**Data records**
------------------------------------------------------------

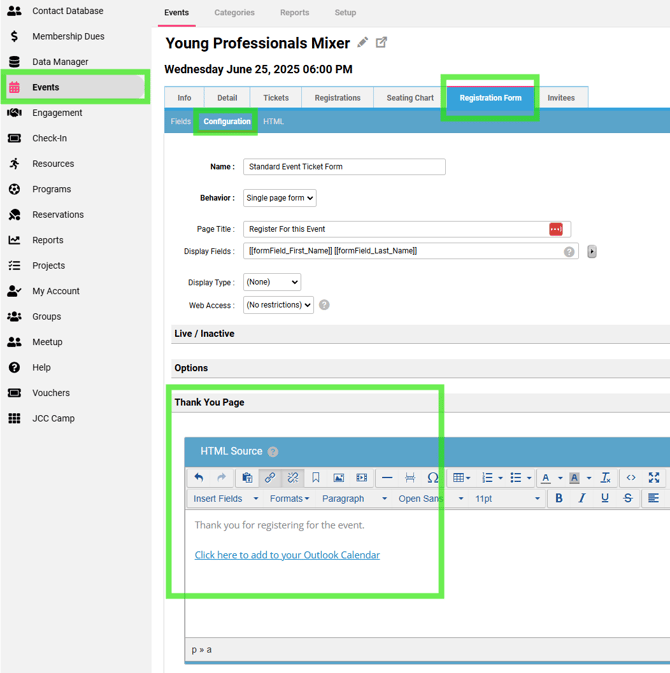In this example, we want to add a link to download a .vcs file on the Event Registration - Thank You Page.
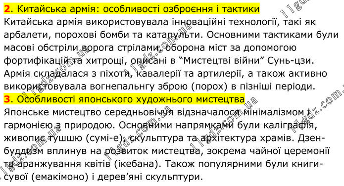 2. Китайська армія: особливості озброєння і тактики Китайська армія використовувала інноваційні технології, такі як арбалети, порохові бомби та катапульти. Основними тактиками були масові обстріли ворога стрілами, оборона міст за допомогою фортифікацій та хитрощі, описані в “Мистецтві війни” Сунь-цзи. Армія складалася з піхоти, кавалерії та артилерії, а також активно використовувала вогнепальнгу зброю (порох) в пізніші періоди. 3. Особливості японського художнього мистецтва Японське мистецтво середньовіччя відзначалося мінімалізмом і гармонією з природою. Основними напрямками були каліграфія, живопис тушшю (сумі-е), скульптура та архітектура храмів. Дзен-буддизм вплинув на розвиток мистецтва, зокрема чайної церемонії та аранжування квітів (ікебана). Також популярними були книги-сувої (емакімоно) і дерев’яні скульптури.
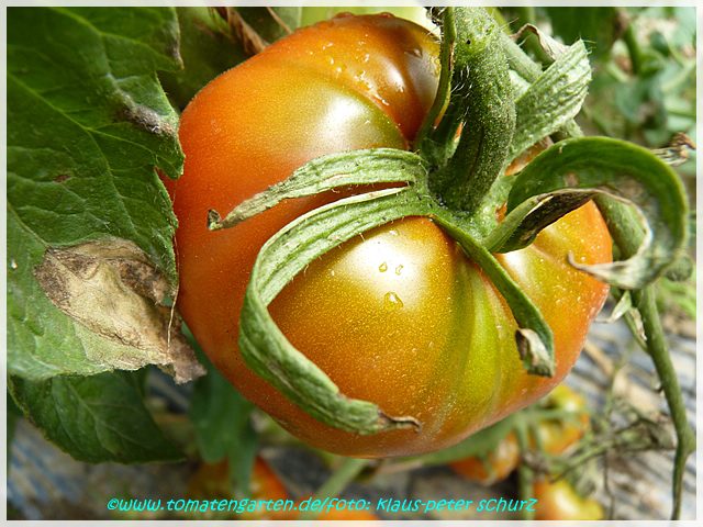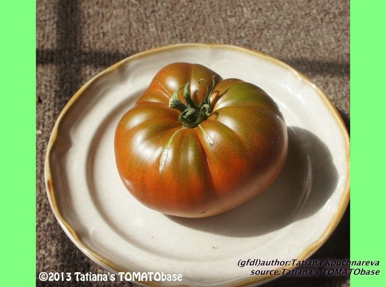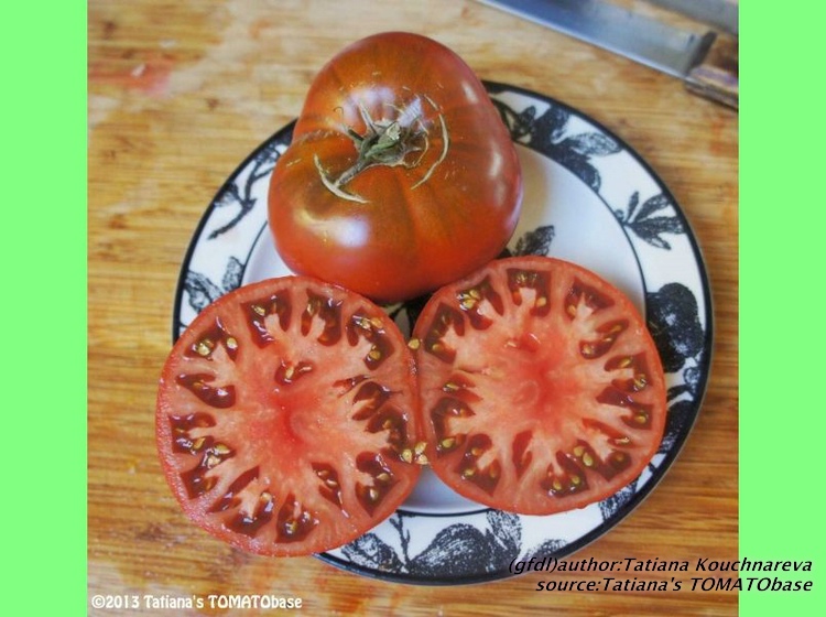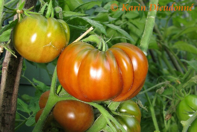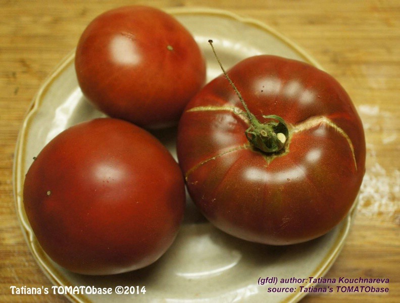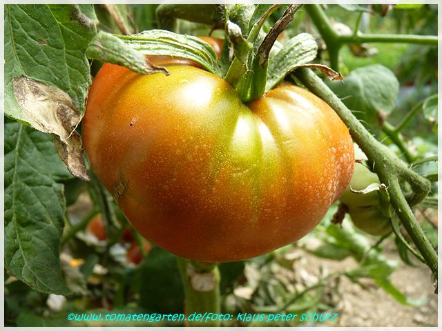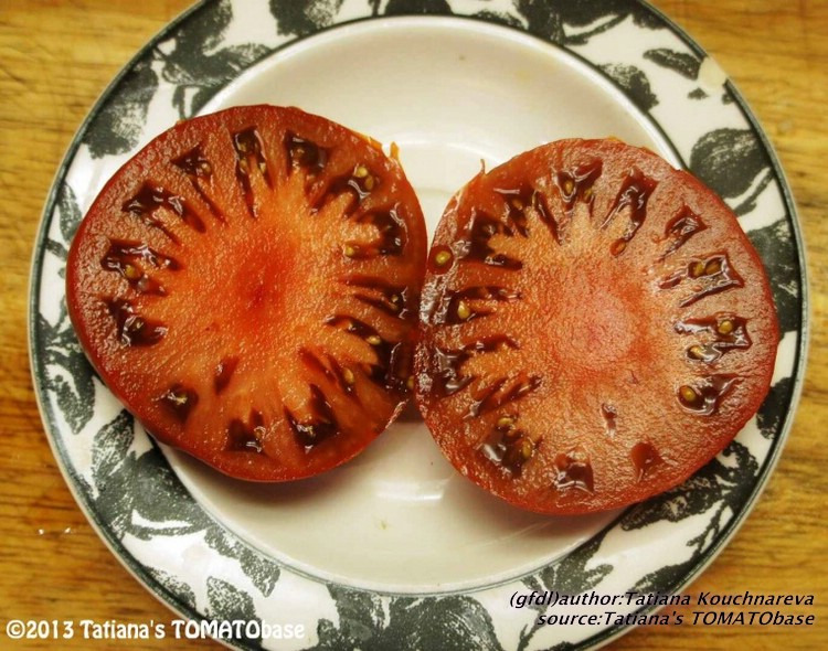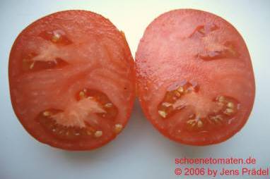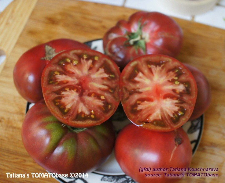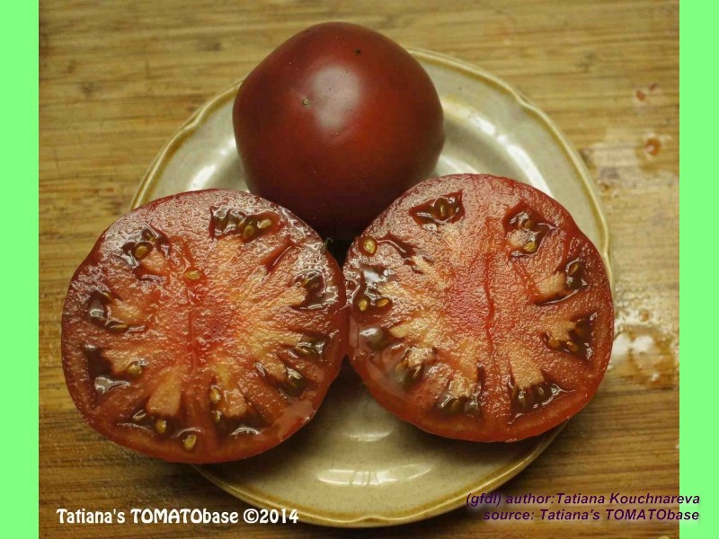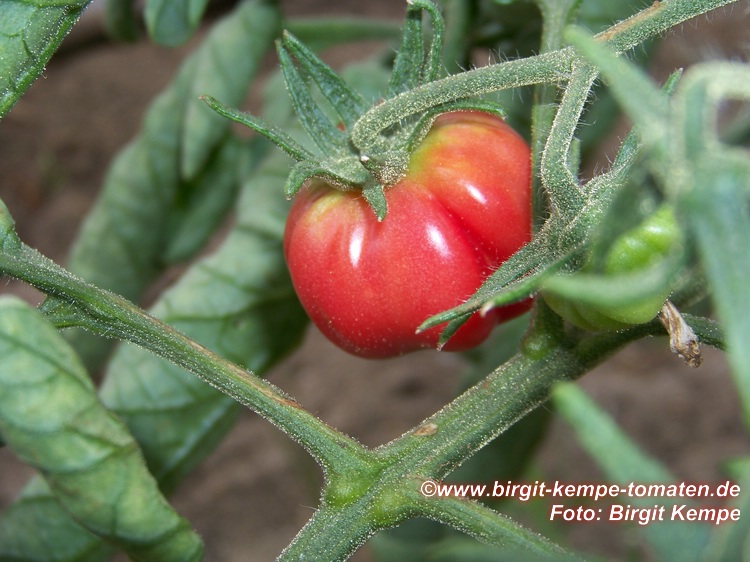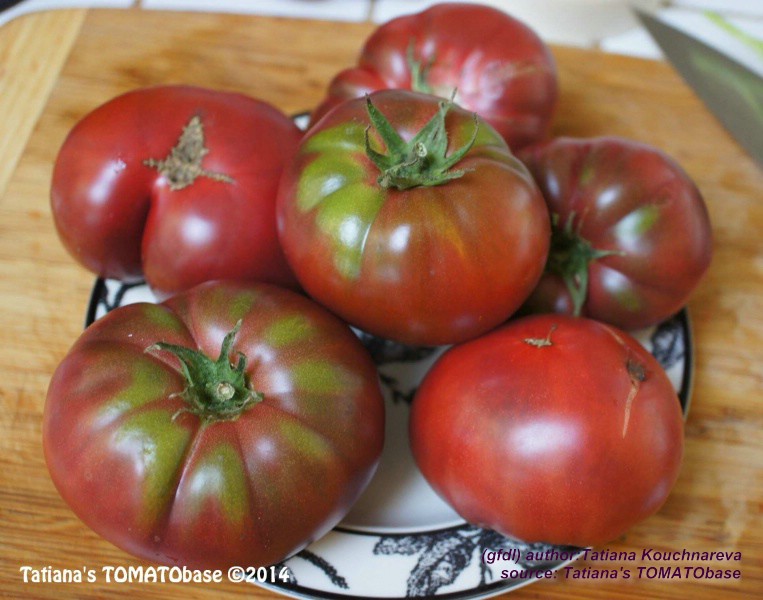 Cherokee Chocolate - sehr große (2,5 bis 3 m) Pflanze überraschend früher Erntebeginn (Ende Juli) enorm großer Ertrag sehr große, runde,kaum gerippte, tiefrote bis braunrote Früchte, aber teilweise auch kleinere Früchte wie eine Stabtomate größte geerntete Frucht: exakt 500 g sehr geschmackvoll mit Süße (Quelle: www.schoenetomaten.de)
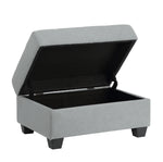 - The matching ottoman includes a hidden storage compartment, providing a discreet and practical solution for storing decorative blankets, pillows, or other essentials.
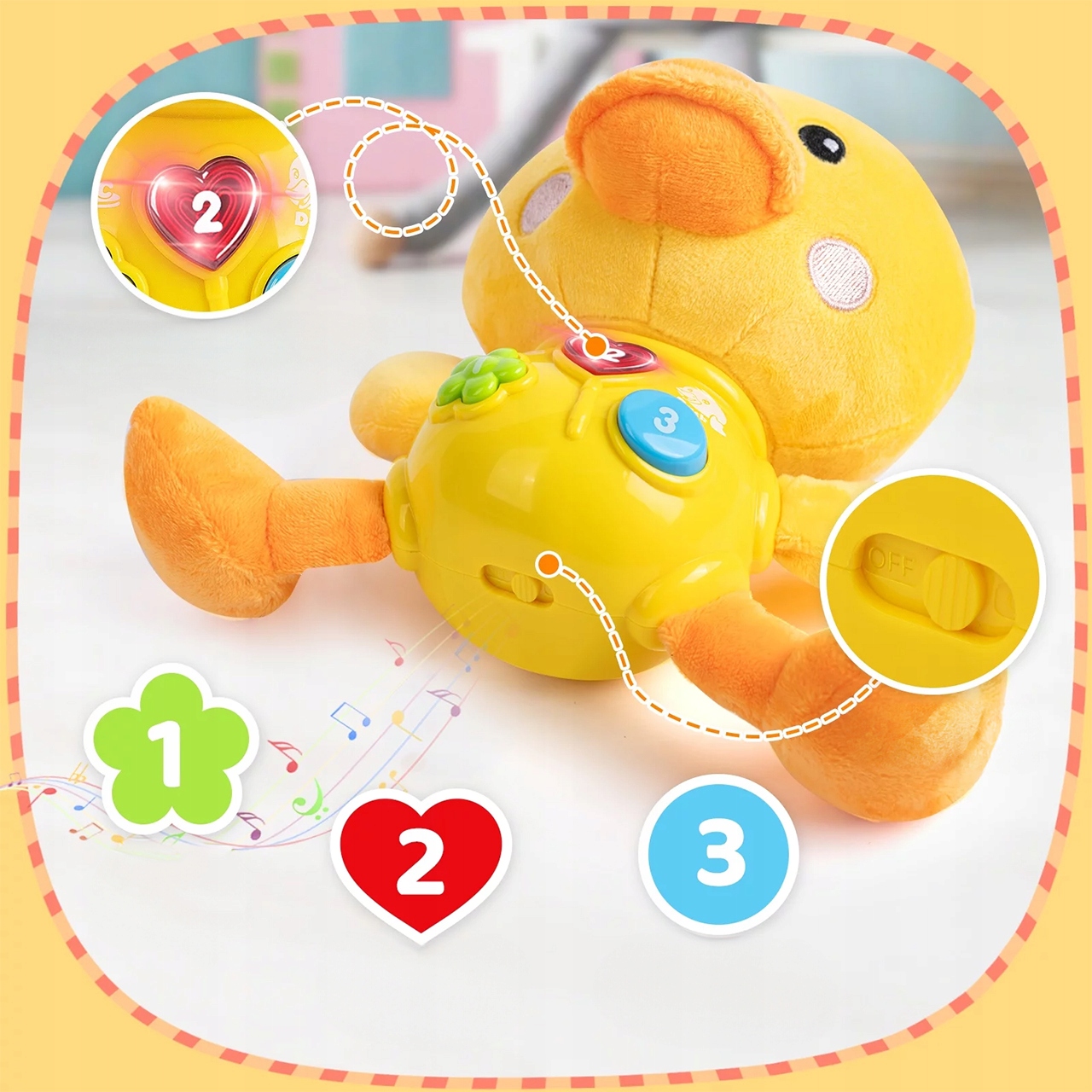 Очаровательная играющая утка станет идеальной игрушкой для малыша от 18 месяцев. Наш питомец издает множество интересных звуков и веселых мелодий, которые непременно заставят вас поиграть. Все веселье сопровождается успокаивающими огнями. Красочные кнопки на передней части игрушки позволяют включать различные интересные звуки, веселые мелодии и звуки.

------------------------------------------------------------

**EXERCISE DETAILS**
Copy the entries exactly. No pictures.

**ANSWER BOX**
In this example, we want to add a link to download a .vcs file on the Event Registration - Thank You Page.
 2. Китайська армія: особливості озброєння і тактики Китайська армія використовувала інноваційні технології, такі як арбалети, порохові бомби та катапульти. Основними тактиками були масові обстріли ворога стрілами, оборона міст за допомогою фортифікацій та хитрощі, описані в “Мистецтві війни” Сунь-цзи. Армія складалася з піхоти, кавалерії та артилерії, а також активно використовувала вогнепальнгу зброю (порох) в пізніші періоди. 3. Особливості японського художнього мистецтва Японське мистецтво середньовіччя відзначалося мінімалізмом і гармонією з природою. Основними напрямками були каліграфія, живопис тушшю (сумі-е), скульптура та архітектура храмів. Дзен-буддизм вплинув на розвиток мистецтва, зокрема чайної церемонії та аранжування квітів (ікебана). Також популярними були книги-сувої (емакімоно) і дерев’яні скульптури.
 Cherokee Chocolate - sehr große (2,5 bis 3 m) Pflanze überraschend früher Erntebeginn (Ende Juli) enorm großer Ertrag sehr große, runde,kaum gerippte, tiefrote bis braunrote Früchte, aber teilweise auch kleinere Früchte wie eine Stabtomate größte geerntete Frucht: exakt 500 g sehr geschmackvoll mit Süße (Quelle: www.schoenetomaten.de)
 - The matching ottoman includes a hidden storage compartment, providing a discreet and practical solution for storing decorative blankets, pillows, or other essentials.
 Очаровательная играющая утка станет идеальной игрушкой для малыша от 18 месяцев. Наш питомец издает множество интересных звуков и веселых мелодий, которые непременно заставят вас поиграть. Все веселье сопровождается успокаивающими огнями. Красочные кнопки на передней части игрушки позволяют включать различные интересные звуки, веселые мелодии и звуки.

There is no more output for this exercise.